-- DATA BLOCK follows --

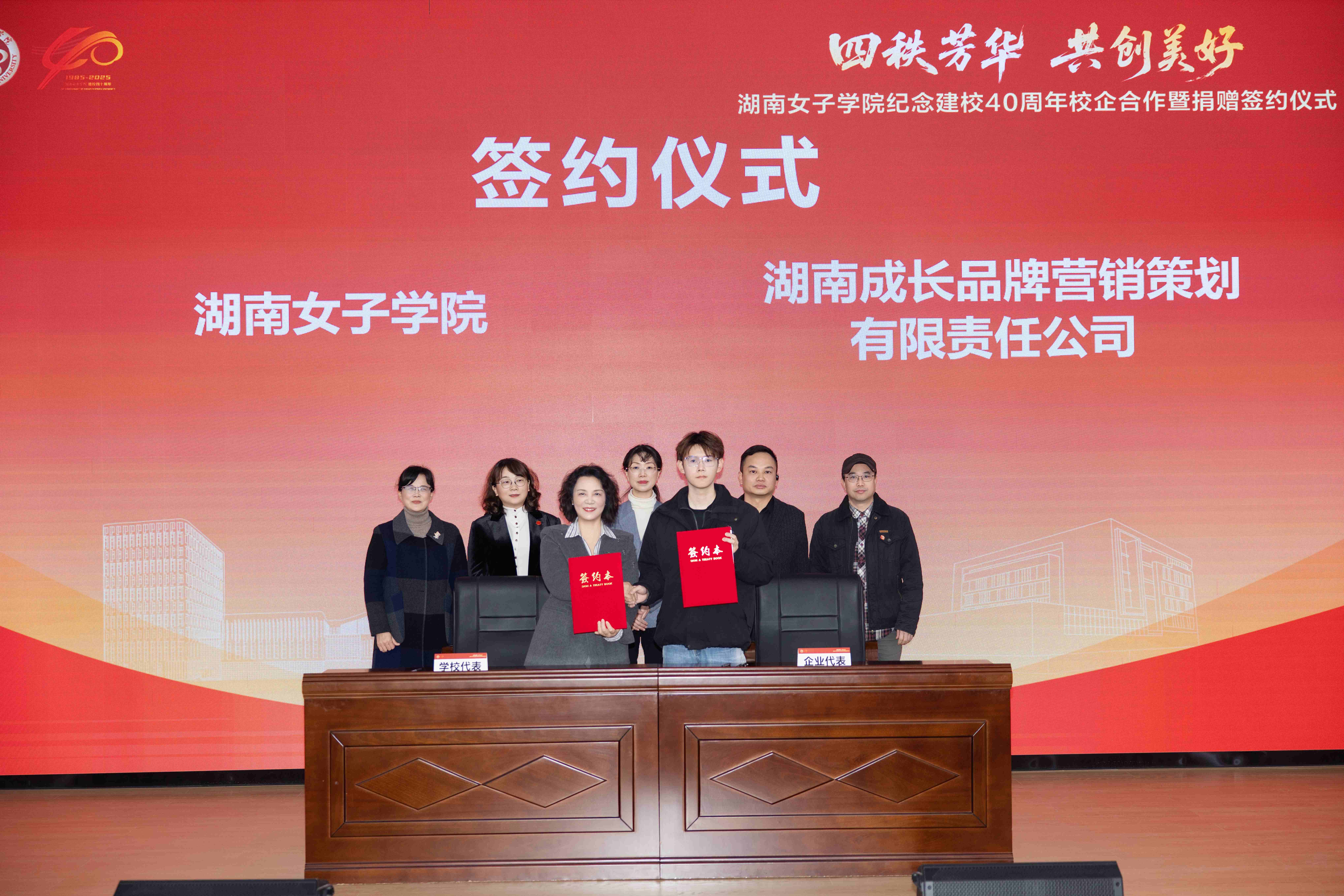 学校与湖南成长品牌营销策划有限责任公司签署合作暨捐赠协议。
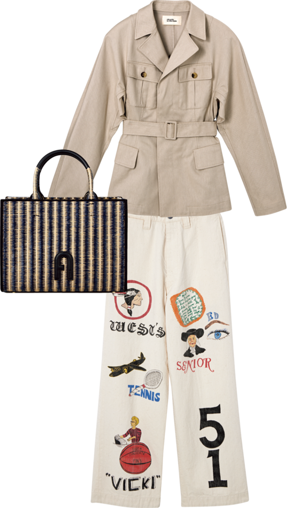 着まわし力抜群のサファリジャケットはマストバイ。ジャケット¥132,000(ミラ ショーン バイ チカ キサダ/コロネット)、パンツ¥46,200(ウエストオーバーオールズ/RHC ロンハーマン)、バッグ¥61,600(フルラ/フルラ ジャパン)
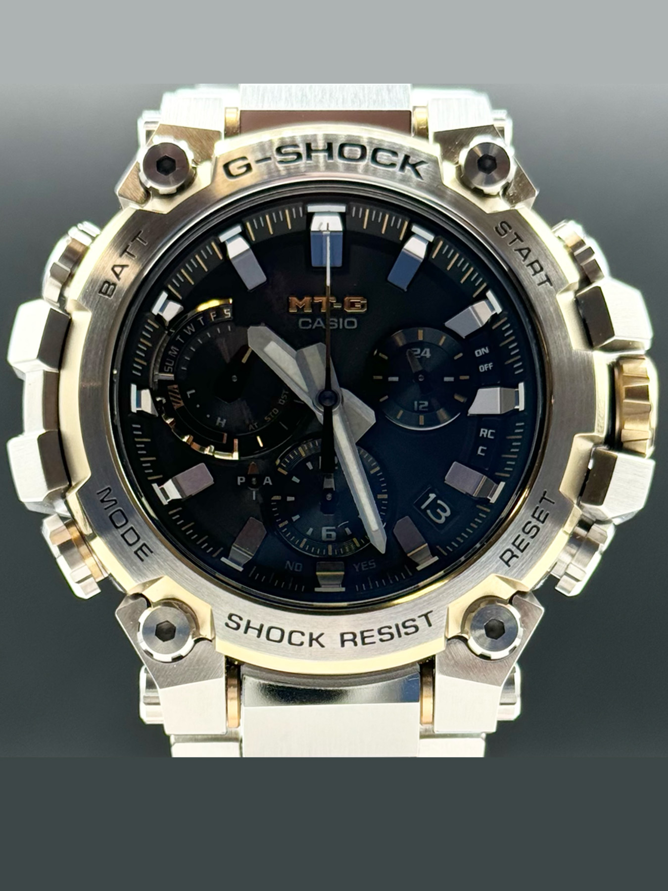 This Casio G-Shock MTG-B3000D-1A9 is in EXCELLENT condition. This watch includes its original box, instruction manual, and warranty card dated for 2024. Extra stainless steel bracelet links. This watch has been fully authenticated and certified by Exquisite Timepieces.
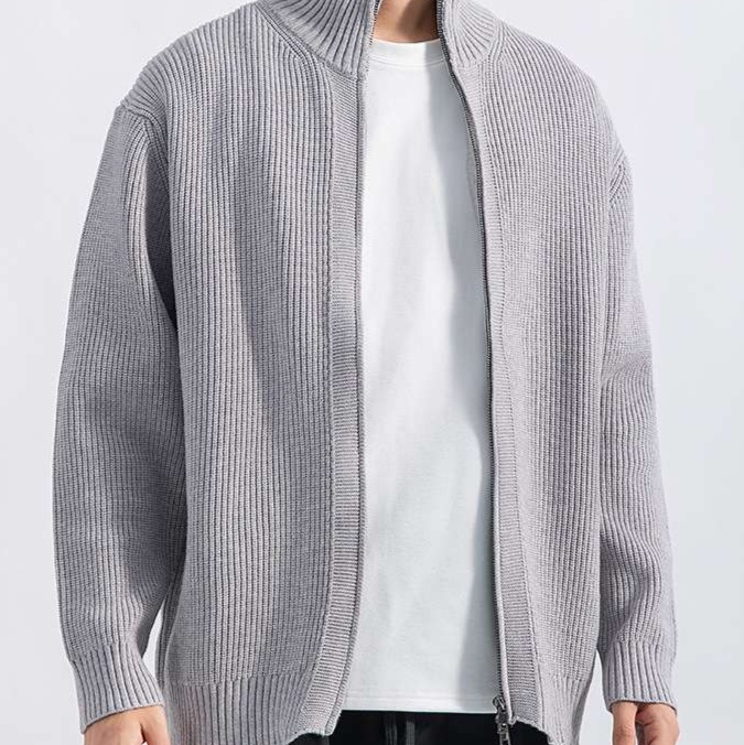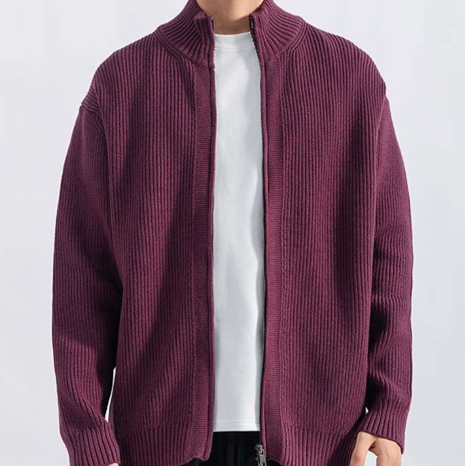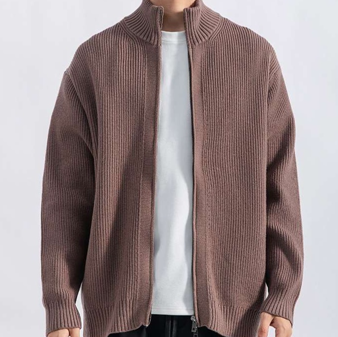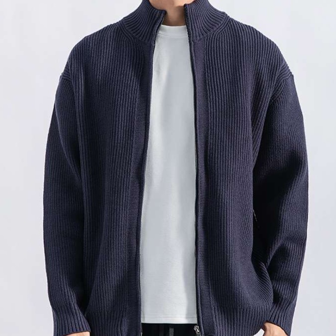 シンプルながらも洗練された立体的なリブ編みのカーディガン メンズ。

-- DATA BLOCK concluded --

*TASK*
Leave out the pictures. Transcribe the rest of the listing above exactly.

*SOLUTION FOR THIS PROBLEM*
 学校与湖南成长品牌营销策划有限责任公司签署合作暨捐赠协议。
 着まわし力抜群のサファリジャケットはマストバイ。ジャケット¥132,000(ミラ ショーン バイ チカ キサダ/コロネット)、パンツ¥46,200(ウエストオーバーオールズ/RHC ロンハーマン)、バッグ¥61,600(フルラ/フルラ ジャパン)
 This Casio G-Shock MTG-B3000D-1A9 is in EXCELLENT condition. This watch includes its original box, instruction manual, and warranty card dated for 2024. Extra stainless steel bracelet links. This watch has been fully authenticated and certified by Exquisite Timepieces.
 シンプルながらも洗練された立体的なリブ編みのカーディガン メンズ。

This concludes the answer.